Поменьше подробностей, так и жить проще. А то напишет в газете у себя, и кто знает, как оно потом аукнется. Дружба с союзничками не особо долгой будет.
После парочки вопросов типа «где крестился, на кого учился», американка приступила к главному.
— Расскажите, как это был с Гиммлер?
— Нет. Об этом разговора не будет. Там много людей задействованы, которые могут пострадать. Поэтому о чем-нибудь другом. Секретное дело, понимаете⁈
— Ок, а что можно?
Ну я ей и живиписнул, как в лагерь попал, про больницу, про скотские условия, как немцы собирались пленных уничтожить. Ну, и про побег наш. Тут уж красок не пожалел.
Меган сначала просто слушала, потом за блокнот схватилась.
— Извыните, я боюс забыват подробност. Уан момент.
Что она там строчила — не знаю, она ж на своем писала. Как по мне, авантюра это. Такие вещи с кондачка не делаются. Через политотдел надо. Там согласуют тему беседы, вопросы, переводчика предоставят. Перевести, чтобы ошибок не получилось. Ну и присмотреть, чтобы чего лишнего наш человек не ляпнул. А то вот так выпьет военный чутка лишнего, да и сообщит какие сведения, составляющие военную тайну. Но мне командующий практически приказал при свидетелях, это раз. И история про наш побег от немцев никак не секретная, это два. Её я уже сто раз излагал, и устно, и письменно. В том числе и… Ладно, вот про этого слушателя не буду. И никаких претензий не было. Хотя бы потому, что в итоге это привело к возвращению домой моего боевого товарища.
— Ну вот такая история, — сказал я, поднимаясь.
— Это… просто ужасный вещь! — открыв широко глаза, припечатала Меган. — Я обязательно буду писать об этот случай! Так невозможно! Пленный убивать и не кормить! Вы есть настоящий герой, что спасли их!
Ага, еще про Женевскую конвенцию и Красный Крест вспомни.
Но похоже американка не про то думала. Вскочив, да так, что уронила на землю и блокнот свой, и сумочку, она схватила мое лицо, и прямо-таки впечаталась губами в мои. И поцелуй этот был… совсем не такой, как обычно чужих целуют. Он длился не одну секунду, и даже не пять.
Наконец, я не выдержал, деликатно отстранил американку. Меган раскраснелась, тяжело задышала.

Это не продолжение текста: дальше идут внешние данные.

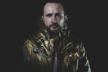 Freedom, man beard and suit made with golden wings
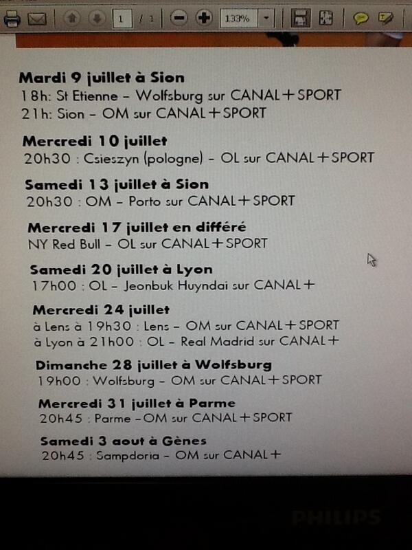 Voila en Bonus les horaires des matchs de l'OL
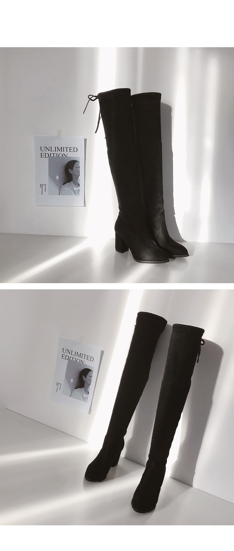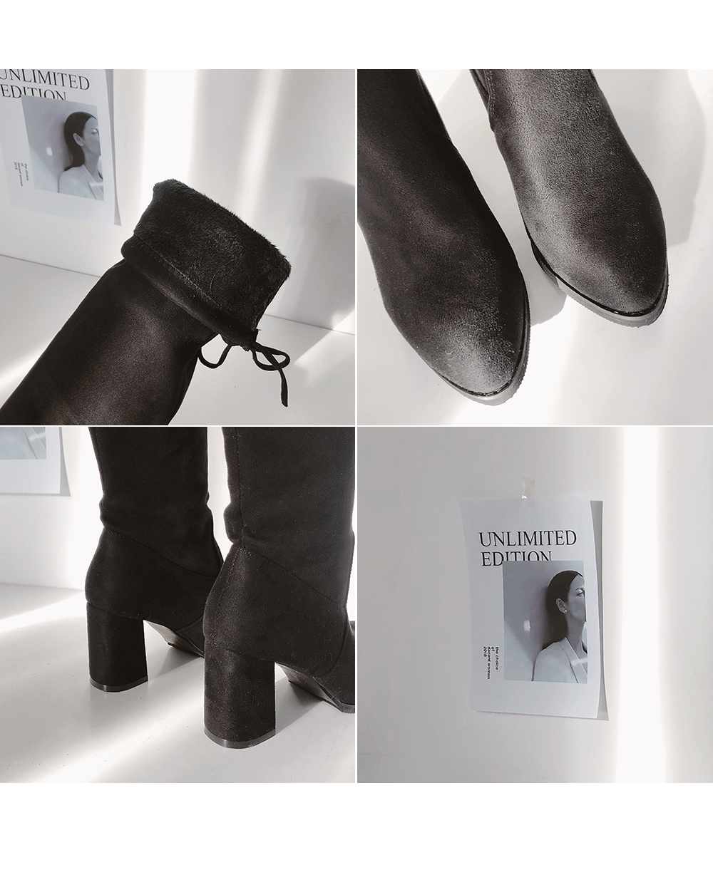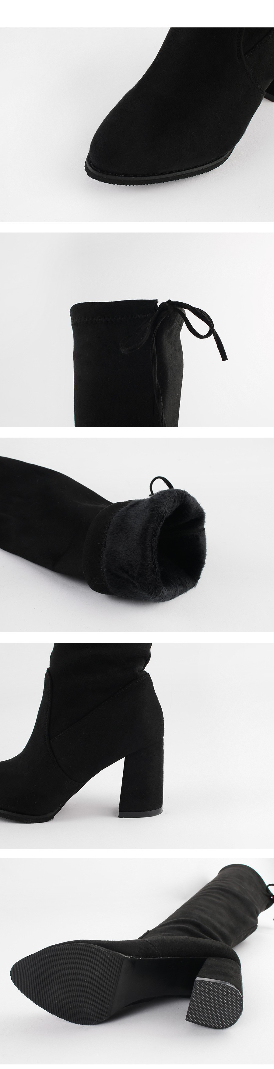 DETAILS - 소재 : 인조스웨이드 - 컬러 : black - 안감 : 전체털 - 피팅감 : 정사이즈 / 무게 : 보통인편 - 착화감 : 스판 소재로 편안해요 - 모델피팅 : 235
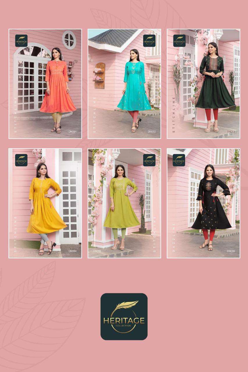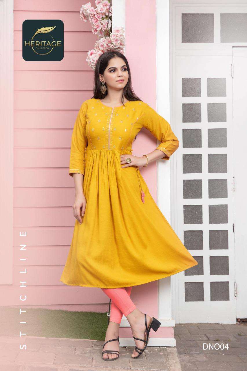 Sayesha VOL-2 BY HERITAGE HEAVY RAYON TWO-TONE DESIGNER EMBROIDERED KURTI WITH GHERA & HANDWORK KURTI CATALOG WHOLESALER BEST RATE
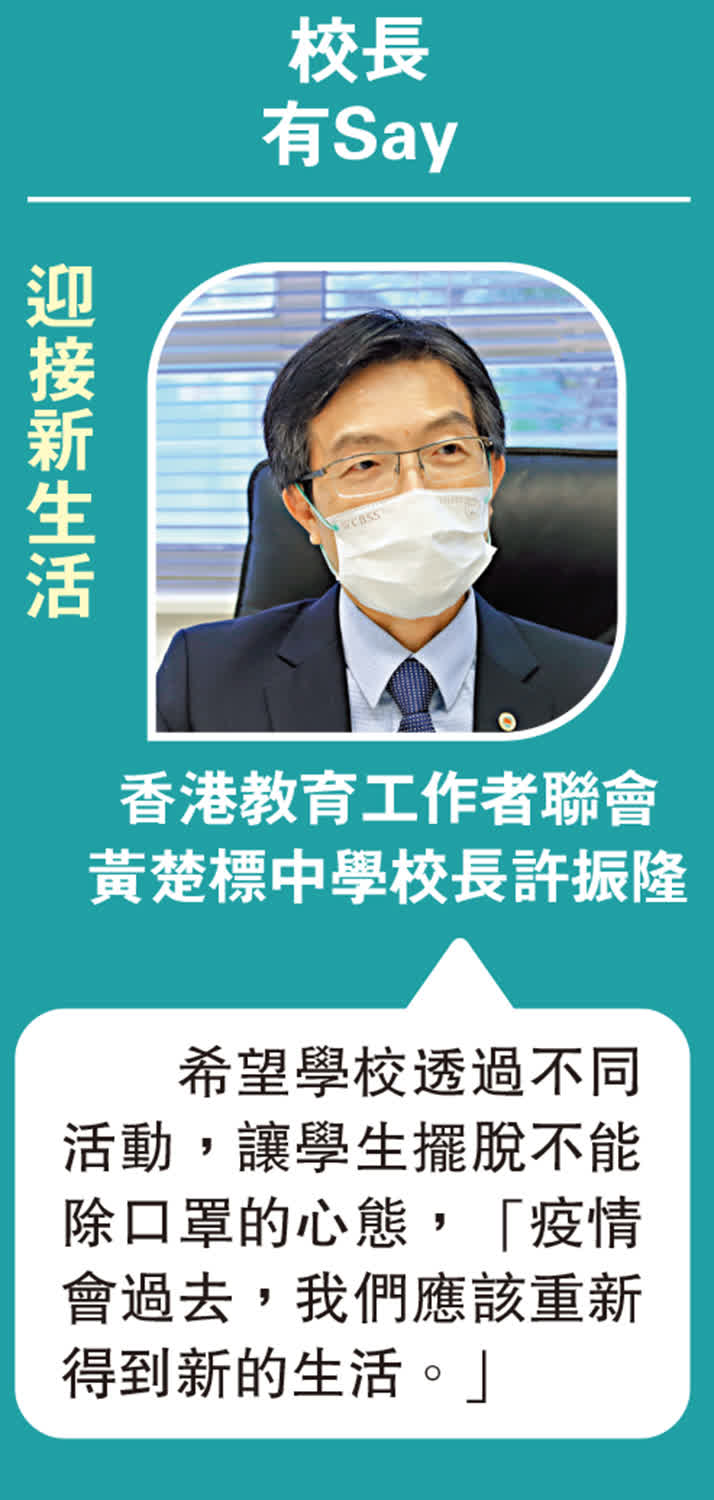 疫情漸趨平穩,社會步向復常,許振隆指該校近期亦透過參加公開比賽及活動,例如在許可的情況下,於視頻及攝錄活動中會鼓勵學生不用戴口罩,讓表演更自然,當中包括今年喜迎二十大的活動中,該校參與朗誦《中華頌》,眾學生均除下口罩表演,展現自信一面。他希望學校都可透過不同活動,讓學生身心發展覺得有成就感,就會擺脫靠戴口罩隱藏感情及其不足,「疫情會過去,我們應該重新得到新的生活。」

Ее обширная грудь под блузкой прямо-таки подскакивала вверх.
— Товарищ колонел, а можно просить вас помощь выгнат… как это будет по-русски?… рэт? — она даже показала размеры того, что незаконно у нее поселилось. С небольшого щенка примерно.
— Крыса?
— Да, я видела это у себя в жельище..
Вот чего мне не хватало, так это еще похода в ее землянку. Ну и отказываться тоже неудобно. Пошли ловить крысу.
Землянку американке выдали самую лучшую, небось, интенданта фронтового выселили отсюда — обитая деревом, со столом и стульями, освещение — сразу две керосиновых лампы. И на полочке на всякий случай сплющенные гильзы, штуки три. Если что — чадить будут нещадно, но без света не останешься.